Sunday, May 01, 2016

Lyin' in Coal Country

So, this article showed up...  " Logan Officials Message to Clinton Campaign: After the Clinton campaign staff attempted to use the City of Logan Fire Department facilities for the Clinton upcoming visitations to the area, fire department officials contacted the Mayor of  L... " yada, yada. Hillary and the horrible Obama are "killing" coal.

Whether you like or agree with or dislike and disagree with Hillary Clinton, a little truth-telling is in order. Yes, Ms. Clinton did say "We're going to put a lot of coal miners and coal companies out of business." But, context matters; the context in this case matters a lot. Ms. Clinton wasn't saying that she or her administration would put the companies out of business but that economics, chemistry and physics would put them out of business.

Something else is killing coal jobs and it isn't the EPA, it's the coal operators themselves. The number of coal jobs in West Virginia and Appalachia was cratering long before any imagined war on coal was declared in the halls of the EPA. Whether from greed or hard-edged business decisions, coal operators decided that employing people as they had in Coal's golden years, is not a good investment. Why should they employ shifts when a couple of men with a humongous Caterpillar can produce as much coal by slicing off the top of a mountain and scooping out the contents?

And if you are betting on "clean coal" to bring back to good old days, bet again. The cost of "cleaning" coal in order to reduce harmful emissions will have to be paid for somehow. It will either happen by raising the price of coal, which makes coal more expensive and less attractive than alternatives like natural gas. Or, savings will be achieved by cutting labor costs, which means that workers will increasingly be replaced by equipment, pay will be cut further and conditions will worsen (these last two due to the neutering of the UMW).
Companies like Peabody and Massey have been screwing West Virginia miners for decades and when the miners pushed back the companies sent in the head-breakers, whether they were Baldwin-Felts "detectives," Pinkertons, or the West Virginia National Guard and the Army Air Corps.

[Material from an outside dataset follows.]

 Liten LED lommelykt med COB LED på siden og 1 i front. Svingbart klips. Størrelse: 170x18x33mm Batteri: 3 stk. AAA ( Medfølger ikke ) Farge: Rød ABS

Today they send squadrons of lawyers but the effect is the same.
What no one seems to have a stomach for is telling the truth. Those jobs are going and there isn't a thing we can do about it. Coal isn't as efficient a source of power as gas or nuclear or -- increasingly -- renewables. So the pressure is on to phase it out. Coal is no longer West Virginia's number one industry, having been replaced by tourism decades ago. But in an effort to wring the last quarter's worth of profit out of coal, the operators have switched to mountain-top removal, which is directly impacting tourism and further killing the goose that is trying to lay a golden egg.

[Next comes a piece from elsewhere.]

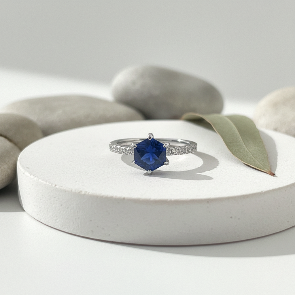 Sparkling Blue & White Stone Silver Ring | Rhodium-Plated Engagement Silver Ring
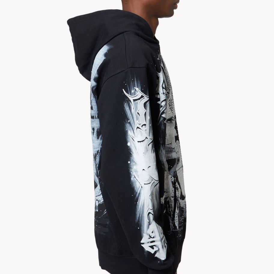 A bold visual statement rooted in GUAPI’s futuristic narrative, the Black Heavens Vault Hoodie V3 brings apocalyptic streetwear into focus with a hyper-detailed, symmetrical graphic treatment. The front showcases a mirrored double-eagle motif fused with celestial textures, skull overlays, and water-like distortions—all drenched in icy tones of white and blue. Rhinestone embellishments illuminate the print with multidimensional shine, adding movement and contrast.

Companies like Peabody could act like good citizens and explore opportunities to build new industries here in West Virginia, whose people have made their owners, managers and stockholders unbelievably wealthy. Instead they spun off a a subsidiary called Patriot Coal, sold it the pensions that miners had invested their futures in and then declared Patriot bankrupt.

Politicians in places like Logan County and in the State Capitol have done the bidding of Peabody, Massey and others for too many years. Their cozy world is collapsing as coal fizzles and now it's Hillary's, or Obama's or the EPA's fault. Look in the mirror boys, and look behind you because justice will -- eventually -- catch up.